=== What to work on ===
Leave out the pictures and restate the rest of the data exactly.

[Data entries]
*-*-*

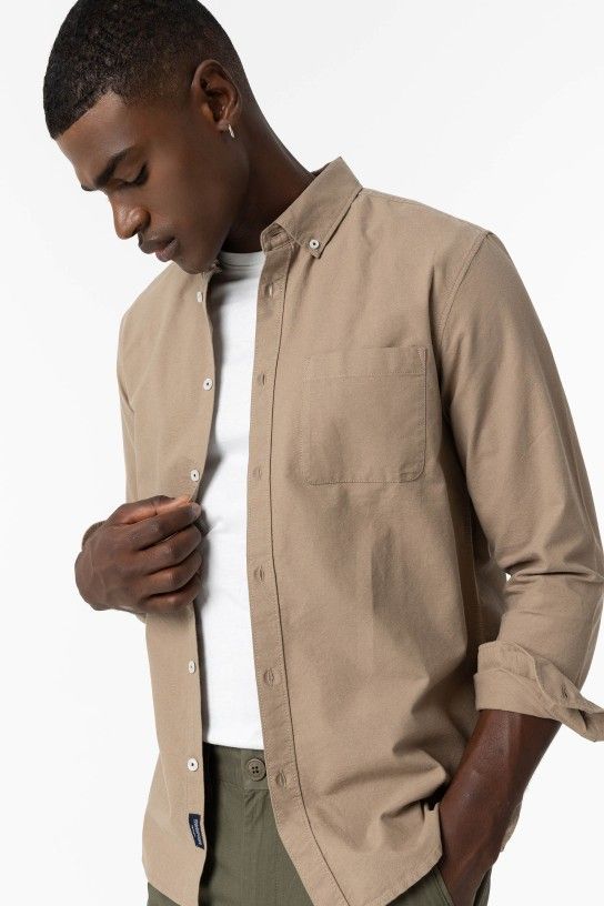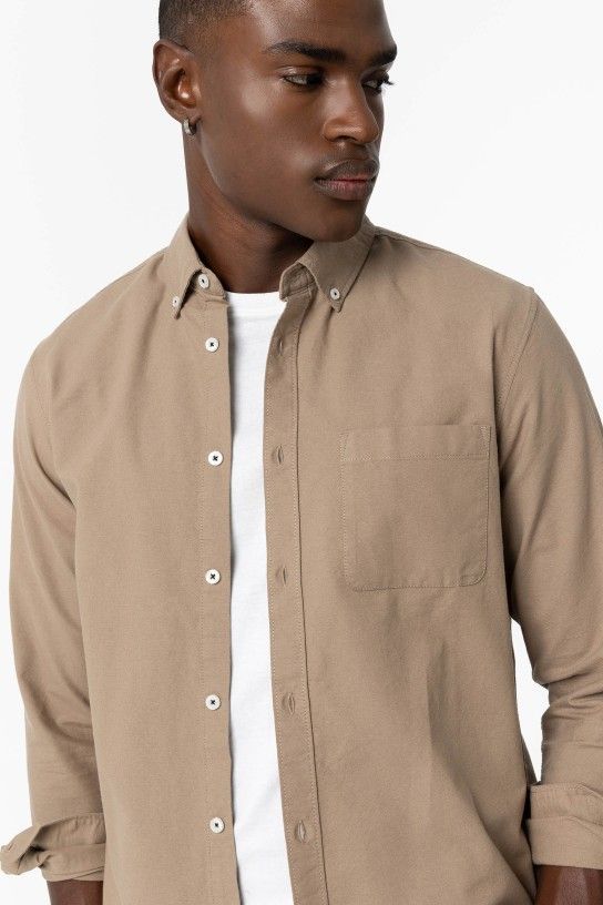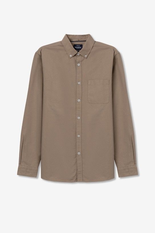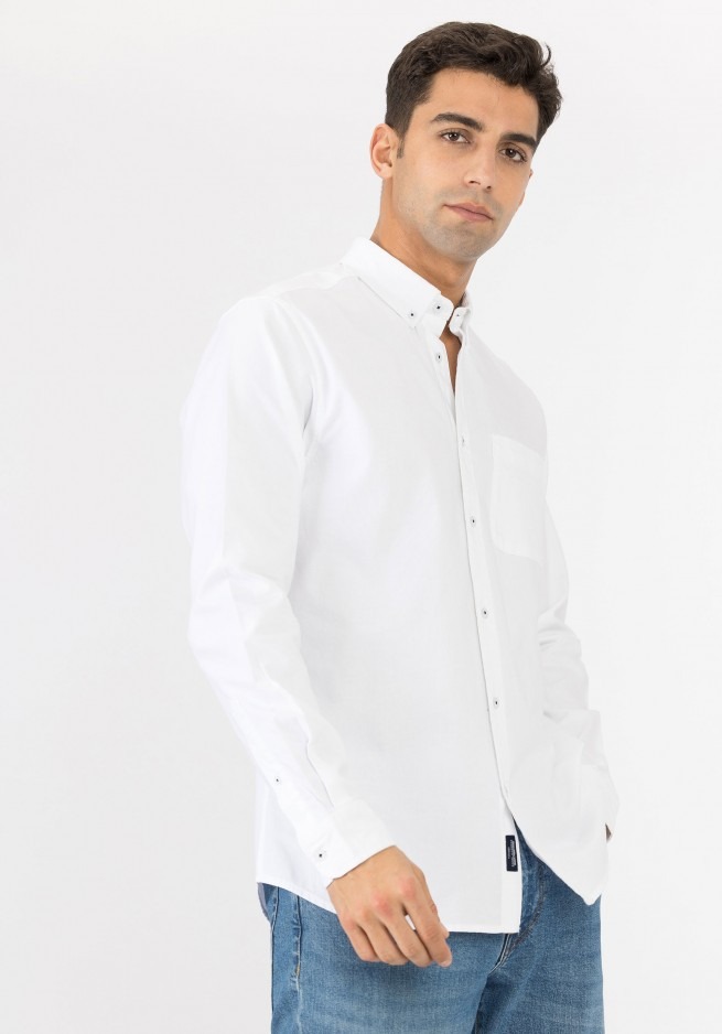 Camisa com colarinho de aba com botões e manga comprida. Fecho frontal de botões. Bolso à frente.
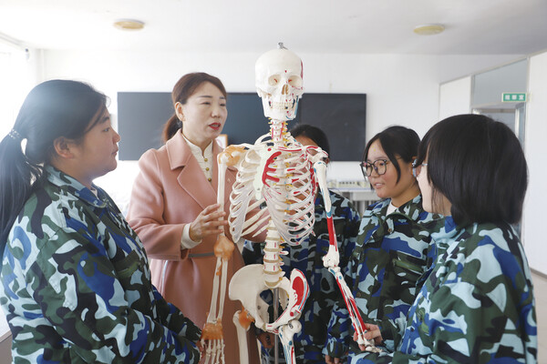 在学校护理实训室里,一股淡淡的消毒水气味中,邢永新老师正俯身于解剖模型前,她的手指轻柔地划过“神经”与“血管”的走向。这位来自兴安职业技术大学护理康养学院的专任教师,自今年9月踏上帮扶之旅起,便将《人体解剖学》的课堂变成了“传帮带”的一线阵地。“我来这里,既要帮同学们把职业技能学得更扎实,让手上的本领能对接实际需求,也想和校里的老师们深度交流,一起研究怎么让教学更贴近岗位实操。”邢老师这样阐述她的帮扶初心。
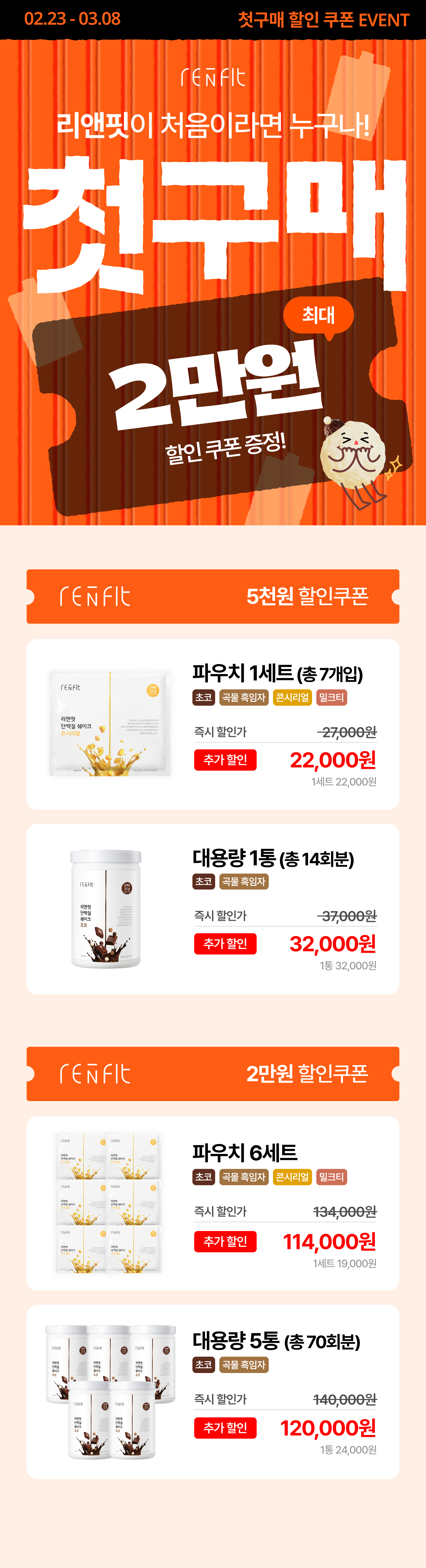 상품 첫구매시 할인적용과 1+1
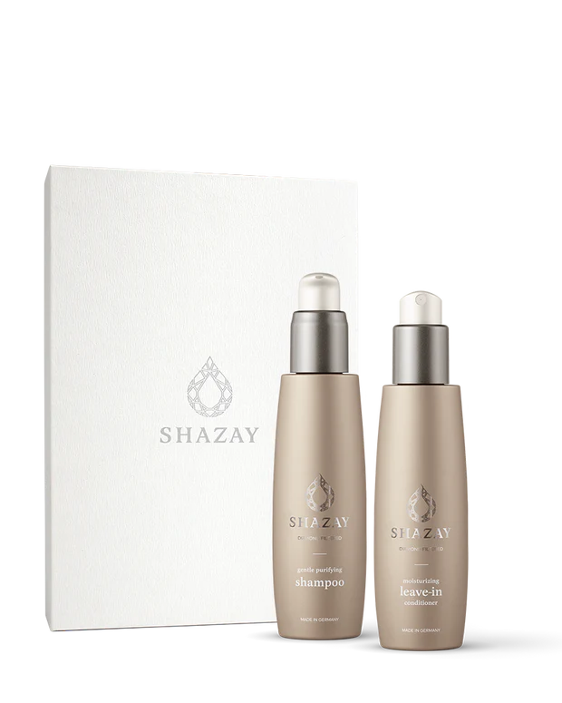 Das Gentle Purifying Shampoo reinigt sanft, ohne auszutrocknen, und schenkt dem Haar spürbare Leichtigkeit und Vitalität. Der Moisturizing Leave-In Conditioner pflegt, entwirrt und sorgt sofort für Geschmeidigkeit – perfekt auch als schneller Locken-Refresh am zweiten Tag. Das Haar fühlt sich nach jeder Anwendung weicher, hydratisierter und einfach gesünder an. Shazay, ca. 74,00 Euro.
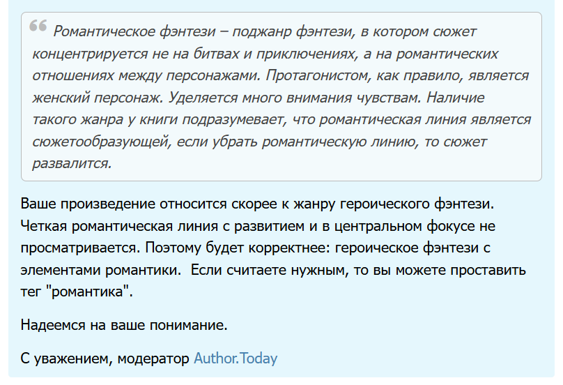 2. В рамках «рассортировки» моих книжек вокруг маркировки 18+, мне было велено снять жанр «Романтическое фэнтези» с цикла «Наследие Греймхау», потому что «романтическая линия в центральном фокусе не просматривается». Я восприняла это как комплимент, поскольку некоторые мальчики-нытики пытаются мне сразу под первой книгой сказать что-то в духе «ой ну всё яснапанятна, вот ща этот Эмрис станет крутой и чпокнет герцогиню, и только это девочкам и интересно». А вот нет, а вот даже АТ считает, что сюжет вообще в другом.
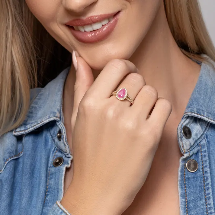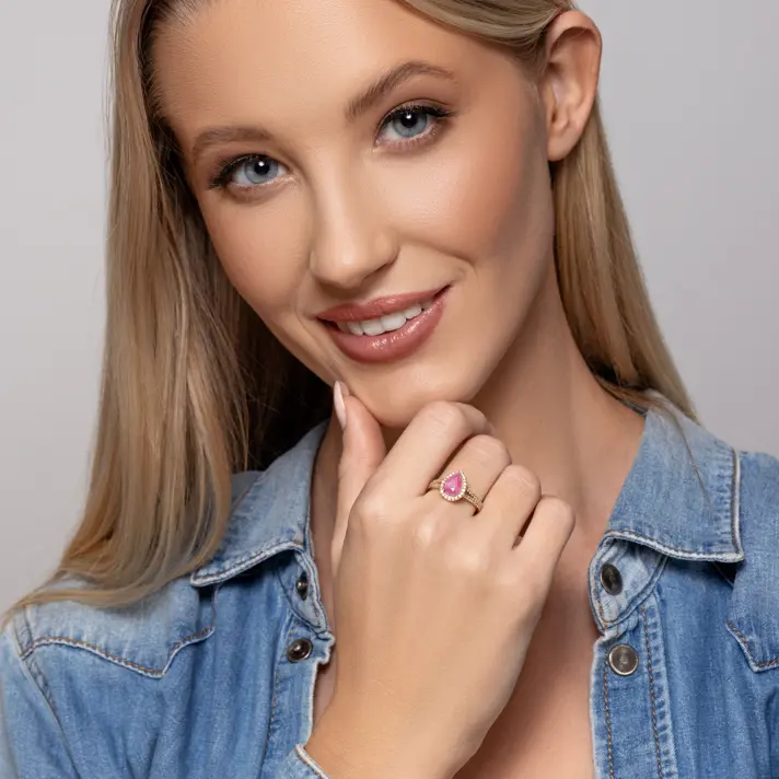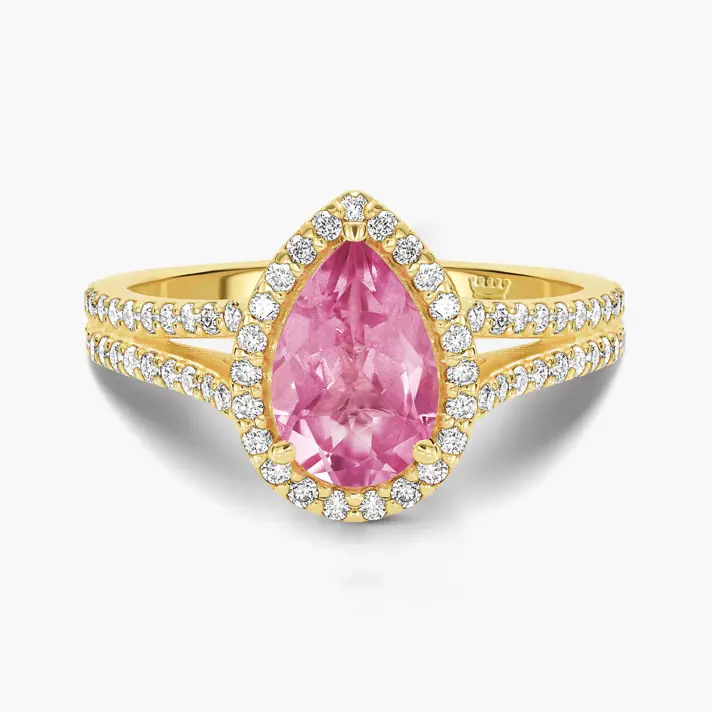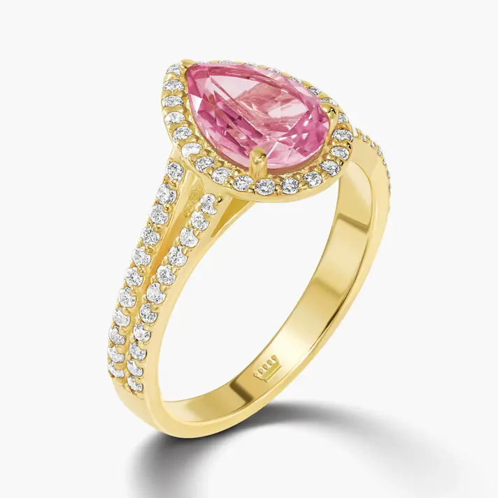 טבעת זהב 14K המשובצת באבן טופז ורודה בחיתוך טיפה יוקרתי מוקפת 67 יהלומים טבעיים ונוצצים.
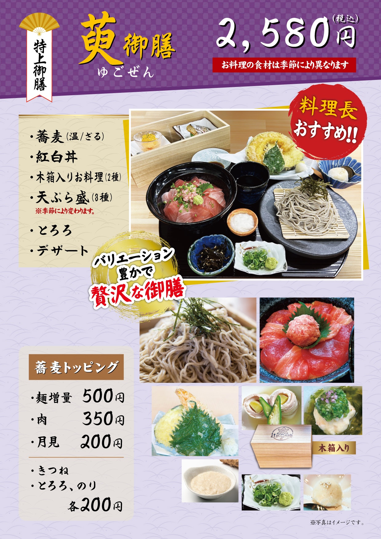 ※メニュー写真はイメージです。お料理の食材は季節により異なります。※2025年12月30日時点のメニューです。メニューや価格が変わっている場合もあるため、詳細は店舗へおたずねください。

*-*-*

=== Exercise result ===
 Camisa com colarinho de aba com botões e manga comprida. Fecho frontal de botões. Bolso à frente.
 在学校护理实训室里,一股淡淡的消毒水气味中,邢永新老师正俯身于解剖模型前,她的手指轻柔地划过“神经”与“血管”的走向。这位来自兴安职业技术大学护理康养学院的专任教师,自今年9月踏上帮扶之旅起,便将《人体解剖学》的课堂变成了“传帮带”的一线阵地。“我来这里,既要帮同学们把职业技能学得更扎实,让手上的本领能对接实际需求,也想和校里的老师们深度交流,一起研究怎么让教学更贴近岗位实操。”邢老师这样阐述她的帮扶初心。
 상품 첫구매시 할인적용과 1+1
 Das Gentle Purifying Shampoo reinigt sanft, ohne auszutrocknen, und schenkt dem Haar spürbare Leichtigkeit und Vitalität. Der Moisturizing Leave-In Conditioner pflegt, entwirrt und sorgt sofort für Geschmeidigkeit – perfekt auch als schneller Locken-Refresh am zweiten Tag. Das Haar fühlt sich nach jeder Anwendung weicher, hydratisierter und einfach gesünder an. Shazay, ca. 74,00 Euro.
 2. В рамках «рассортировки» моих книжек вокруг маркировки 18+, мне было велено снять жанр «Романтическое фэнтези» с цикла «Наследие Греймхау», потому что «романтическая линия в центральном фокусе не просматривается». Я восприняла это как комплимент, поскольку некоторые мальчики-нытики пытаются мне сразу под первой книгой сказать что-то в духе «ой ну всё яснапанятна, вот ща этот Эмрис станет крутой и чпокнет герцогиню, и только это девочкам и интересно». А вот нет, а вот даже АТ считает, что сюжет вообще в другом.
 טבעת זהב 14K המשובצת באבן טופז ורודה בחיתוך טיפה יוקרתי מוקפת 67 יהלומים טבעיים ונוצצים.
 ※メニュー写真はイメージです。お料理の食材は季節により異なります。※2025年12月30日時点のメニューです。メニューや価格が変わっている場合もあるため、詳細は店舗へおたずねください。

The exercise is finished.